- Born: July 26, 1929 New York City, New York, United States
- Died: May 31, 2019 (aged 89) Katonah, New York, United States
- Education: Rutgers University, Worcester Polytechnic Institute
- Known for: Theory of magnetism, Stoner–Wohlfarth astroid curve
- Awards: Oliver E. Buckley Condensed Matter Prize (2013) IEEE Magnetics Society Achievement Award
- Scientific career
- Fields: Condensed matter theory
- Workplaces: IBM Research

= John Slonczewski =

American physicist (1929–2019)

John Slonczewski (1929–2019) was an American physicist known for his work on spin dynamics in magnetic systems.

==Biography==
Slonczewski did his undergraduate education at the Worcester Polytechnic Institute in 1950 and started his PhD on "Band structure of Graphite" at Rutgers University in 1958. He then joined the IBM Research center in Yorktown, New York as a staff researcher, where he stayed till his retirement in 2002. Slonczewski is known for his extensive theoretical study of magnetic system, in particular his applications of magnetic tunnel junctions (MTJ)s.

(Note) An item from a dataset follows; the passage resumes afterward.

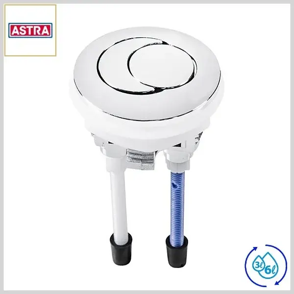 Produto com corpo fabricado em plástico de engenharia com acabamento cromado, sendo indicado para substituição de acionadores duplos (3ou6litros) de caixas acopladas de diversas linhas do mercado, que possuam comandos superiores embutidos, com furos entre 41 e 45mm. Consulte o Boletim Técnico sobre a compatibilidade das marcas e dos modelos de mecanismos e louças indicadas para este produto.

In 1979, Slonczewski co-authored a book entitled "Magnetic Domain Walls in Bubble Materials: Advances in Materials and Device Research".

In 1996 he published a highly influential paper in the field of Spintronics, introducing the concept of spin-transfer torque, showing that spin polarized currents could be used to control the magnetization direction of magnetic electrodes in magnetic multilayers.

In 2012, Slonczewski received the IEEE Magnetics Society achievement award. Along with Luc Berger, he was awarded the 2013 Oliver E. Buckley Condensed Matter Prize by the American Physical Society "for predicting spin-transfer torque and opening the field of current-induced control over magnetic nanostructures."